And what if the different parts of a business process are not within just the one organisation? The different organisations need a shared taxonomy in order to communicate and share information, whether this is analysis and research documents or part numbers and ordering data. The promise of supply chain portals is predicated on a common categorisation of the items to be traded or shared. Gaining agreement on such common, linking components has in the past taken a great deal of time, with each player jockeying for position. The game playing familiar to those in the technology industry over the introduction of standards like DVD or, even worse, HTML, is identical to that in the development of electronic data interchange (EDI) and SGML standards. A format like XML may be ideally suited to the development of taxonomy standards (eg, topic maps), but history shows that agreement is only achieved rapidly when one player offers a de facto standard based on market or technical dominance.

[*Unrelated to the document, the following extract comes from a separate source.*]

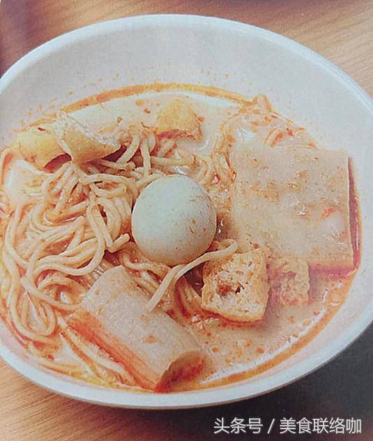 2、客人下单后,取拉面40克煮熟、装碗,舀入叻沙汤50克,放鱼糕片、蟹肉棒、豆腐泡、虾仁、鹌鹑蛋各1个即可。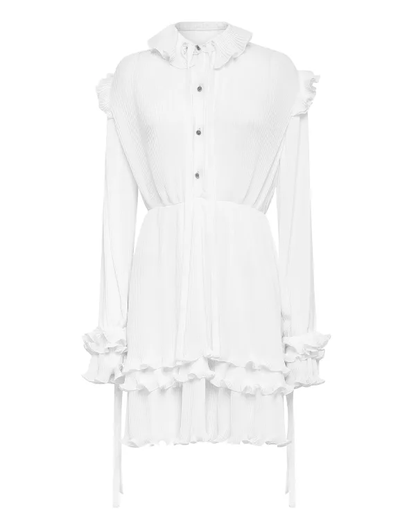 Gewoonweg chique met deze polyester crepon jurk met lange mouwen. Bekijk de volant met sla en de fluwelen bandjes om de kraag en manchetten, met metalen knopen.

A taxonomy that spreads outside its own organisation can be very advantageous for that enterprise. In a general sense, like thought leadership, an organisation’s way of thinking can set the agenda for its competitors. More specifically, when a fully-fledged classification scheme is adopted by its customers and competitors, the organisation that developed the classification benefits hugely. A recent example of this is the Ministry of Defence and the Defence Evaluation Research Agency (DERA), which had developed a technology taxonomy. While good information architecture can make a website easier to use, in DERA’s case, good taxonomy actually increased its users’ understanding of the world they were working in. Other parts of the European defence sector, lacking such a scheme, rapidly adopted it, giving DERA an enviable prize of both thought leadership and an entrée to future e-business developments.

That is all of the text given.